Mental Health and Adjustment Disorder
What Are the Symptoms of an Adjustment Disorder/Stress Response Syndrome?
An adjustment disorder/stress response syndrome can have a wide variety of symptoms that are changes from someone's usual self, which may include:
- Feeling of hopelessness
- Frequent crying
- Anxiety (nervousness)
- Headaches or stomachaches
- Palpitations (an unpleasant sensation of irregular or forceful beating of the heart)
- Withdrawal or isolation from people and social activities
- A new pattern of absence from work or school
- New and uncharacteristic dangerous or destructive behavior, such as fighting, reckless driving, and vandalism
- Changes in appetite, either loss of appetite, or overeating
- Problems sleeping
- Feeling tired or without energy
- Increase in the use of alcohol or other drugs
Symptoms in children and teens tend to be more behavioral in nature, such as skipping school, fighting, or acting out. Adults, on the other hand, tend to experience more emotional symptoms, such as sadness and anxiety.
How Common Is an Adjustment Disorder/Stress Response Syndrome?
Adjustment disorder/stress response syndrome is very common and can affect anyone, regardless of gender, age, race, or lifestyle. Although an adjustment disorder can occur at any age, it is more common at times in life when major transitions occur, such as adolescence, mid-life, and late-life.
How Do I Find Out if I Have an Adjustment Disorder/Stress Response Syndrome?

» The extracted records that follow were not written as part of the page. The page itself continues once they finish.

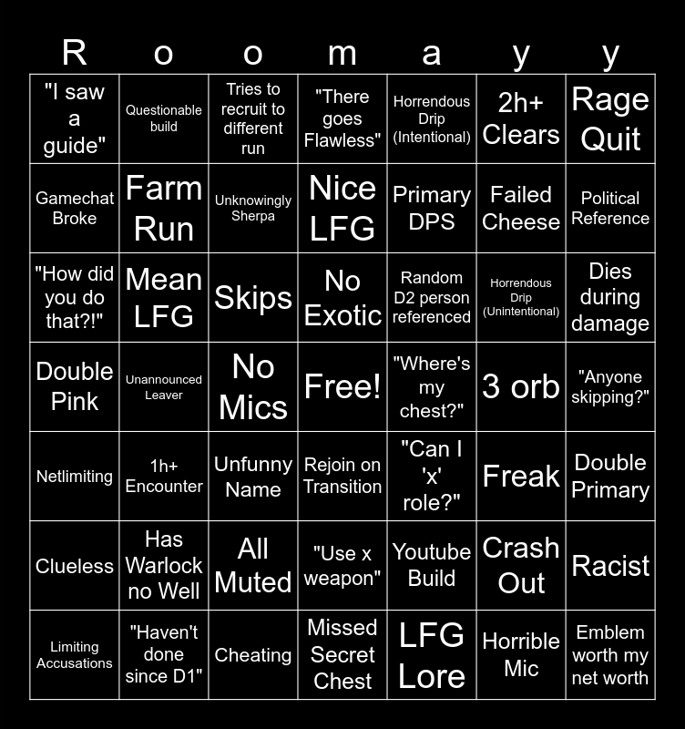 Ruomei LFG Bingo | LFG Bingo | Destint 2 Dungeon | LFG Bingo | LFG BREAD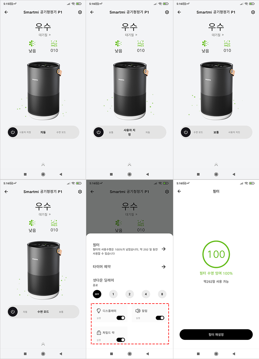 Smartmi Link과 연동이 되면, 어플에선 터치 디스플레이에서 설정할 수 있었던 기능들을 어플에서도 모두 동일하게 다룰 수 있으며, 추가로 어플에선 디스플레이 On/Off, 터치할 때마다 발생하는 비프음 알림 On/Off, 그리고 아이가 만지는 것을 보호해 주는 보호기능 On/Off를 추가로 설정할 수 있습니다. 참고로, 아이 보호 기능을 켜면, 어플로만 전원 On/Off 할 수 있습니다. 또한, 어플에선 사용 중인 필터의 상태도 확인할 수 있고, 대기질도 일/주/월 단위로 기록해 줍니다. 끝으로, 다른 공기청정기 제품들처럼 P1 공기청정기 역시 벽에 붙여두고 사용하는 것보다 약 20cm 거리를 두고 사용하는 것이 효율적입니다.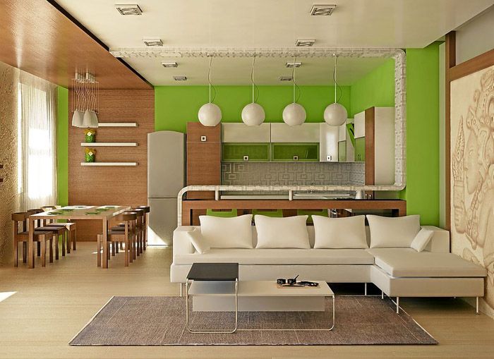 Có thể chọn các khu mà không cần sử dụng đồ đạc và vách ngăn. Điều này là đủ để làm điều này với sự trợ giúp của màu sắc, sử dụng giấy dán tường hoặc màu tương phản của các bức tường. Không quen dung dịch màu các lĩnh vực khác nhau được nhấn mạnh. Bạn cũng có thể sử dụng cho mục đích này sự kết hợp của một bức tường trơn với hoa văn hoặc vật trang trí.Một ví dụ khác về khoanh vùng là làm nổi bật các khu vực trên sàn. Điều này có thể được thực hiện bằng cách sử dụng các lớp phủ và màu sắc khác nhau.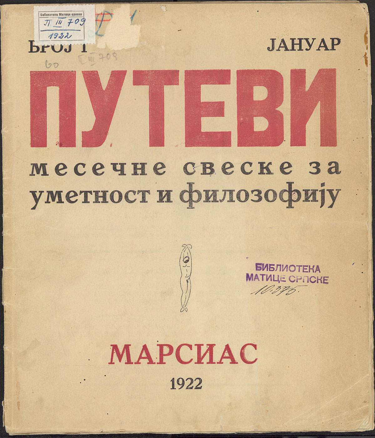 ПУТЕВИ : месечне свеске за књижевност, уметност и филозофију / уредници Милан Дединац, Душан Тимотијевић, Марко Ристић. - 1922, св. 1-2 (јан.-феб.); н. с. 1923, св. 1 (окт.)-1924, св. 3/5 (јун/авг.). - Београд : Марсиас, 1922; 1923-1924 (Београд : Акционарска штампарија). - 29 cm |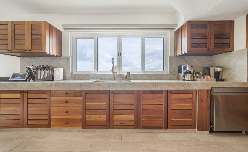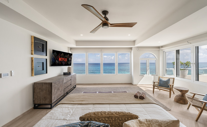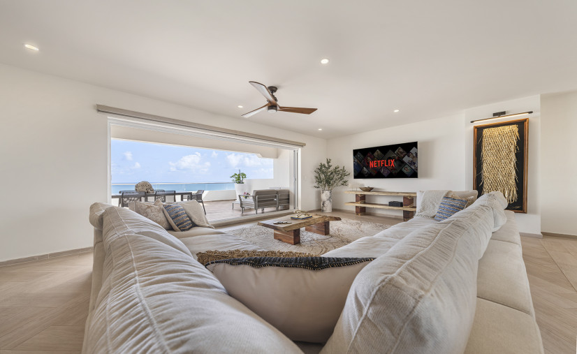 Casa de Vistas is the perfect choice for those looking for a private, peaceful vacation with a large group or a family. This penthouse is located at mid-island, with the best 360 degree views of the turquoise blue waters of the Caribbean Sea. Here you’re only a short golf cart or taxi ride from North Beach and the hustle and bustle of downtown Isla Mujeres. Isla 33 Resorts & Villas has 24/7 security and underground secure parking to park your golf cart.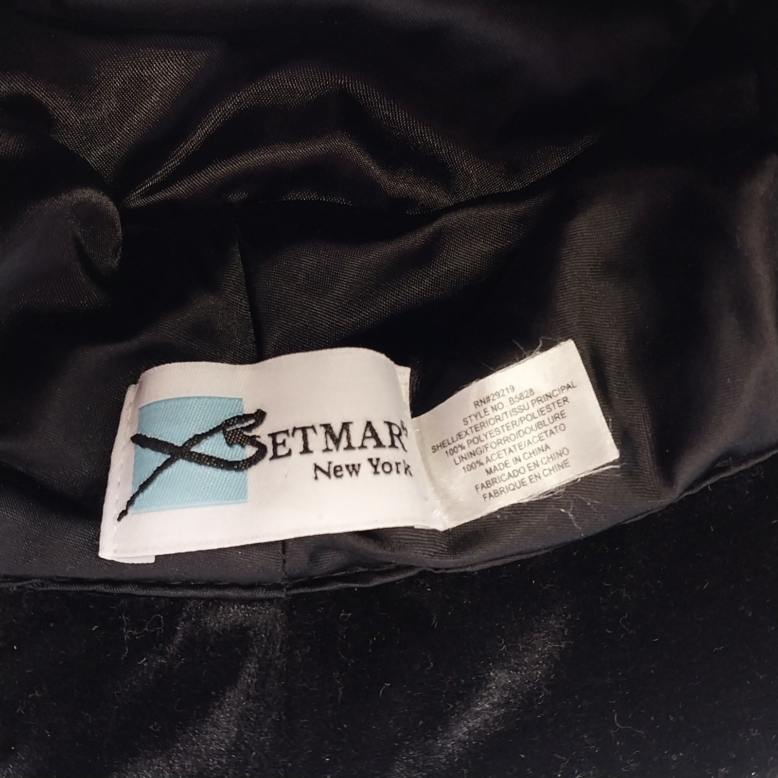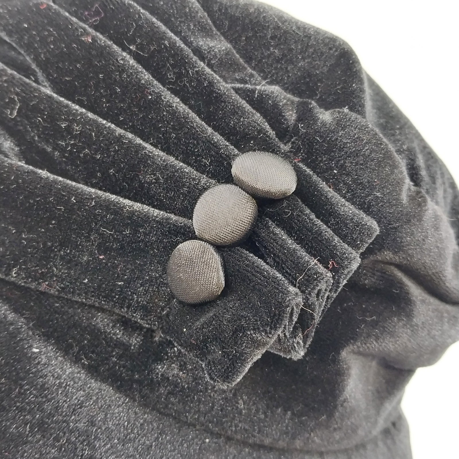 Betmar Black Cloche Velvet Hat Bucket Ruched with Button 100% Polyester New York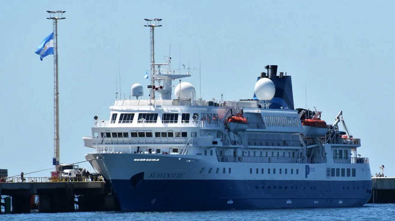 A primera hora del jueves amarró en el sitio norte del muelle Piedra Buena el crucero Seaventure. Se trata de un buque de 112 metros de eslora con capacidad para 140 pasajeros.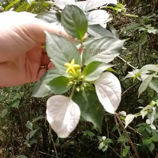 粉纸扇,茜草科玉叶金花属植物,半常绿灌木,株高1~3 m。叶对生,长椭圆形,顶端浙尖,基部楔形,全缘。…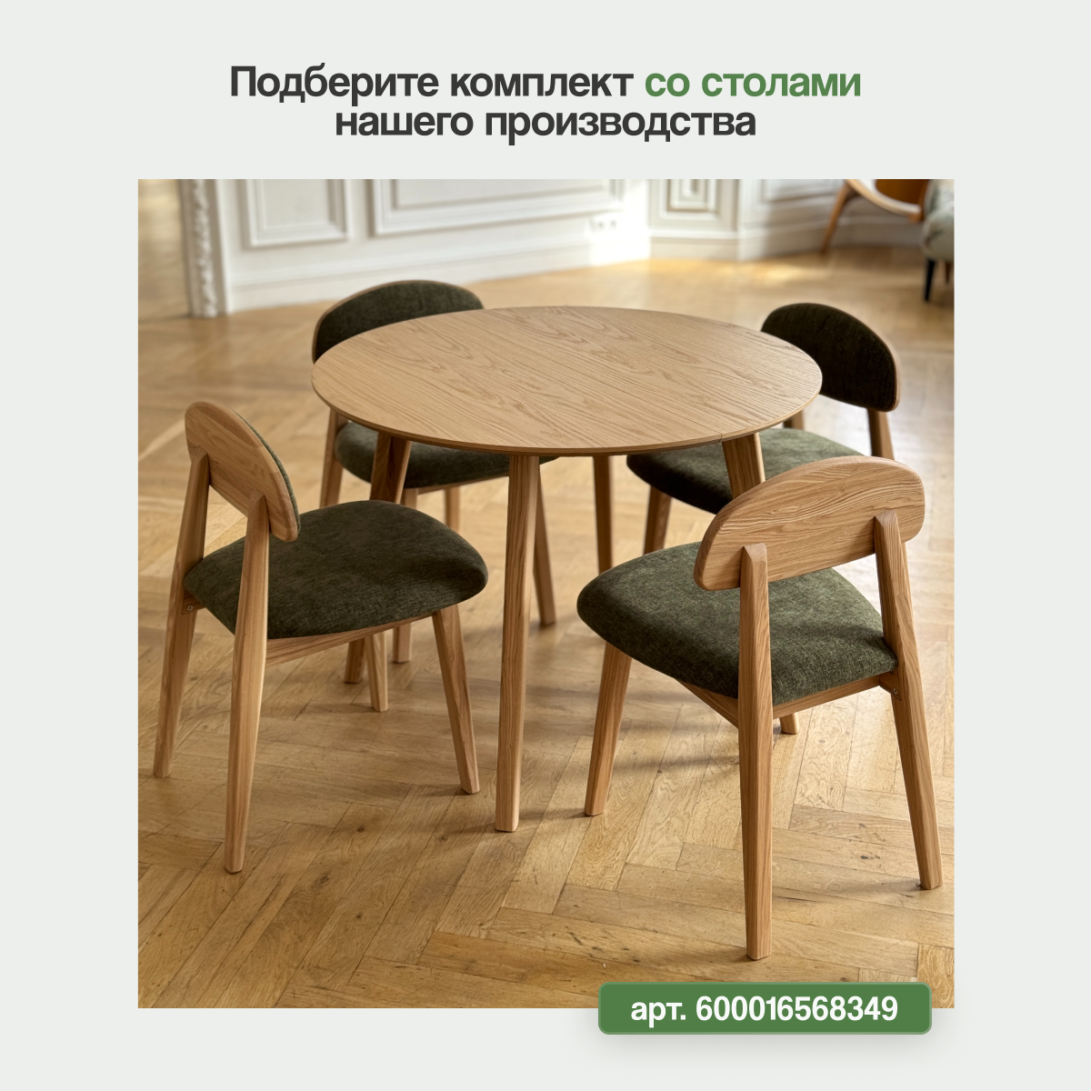 Стул кухонный Loft-Form Base из массива дуба, зёленый шенилл натур, 1 штука интересное:

If you suspect you may have an adjustment disorder/stress response syndrome, see your doctor. If symptoms are present, your doctor may perform a physical exam and ask questions about your medical history. Although there are no imaging or lab tests to specifically diagnose an adjustment disorder, the doctor may use some tests -- such as blood tests or imaging studies like CT or MRI scans -- to rule out physical illness or other medical causes of changes in mood or behavior (such as head trauma) as the cause of your symptoms. Your doctor will also look for other mental illnesses, such as post-traumatic stress disorder, major depression, or an anxiety disorder.
Your doctor bases his or her diagnosis of adjustment disorder/stress response syndrome on your report of the intensity and duration of symptoms -- including any problems with daily functioning caused by the symptoms. In general, an adjustment disorder/stress response syndrome is suspected if the level of distress is more intense than would normally be expected, given the stressor, or if the symptoms interfere with normal functioning.
If adjustment disorder/stress response syndrome is suspected, your doctor will likely refer you to a psychiatrist or psychologist, mental health professionals who are specially trained to diagnose and treat mental illnesses.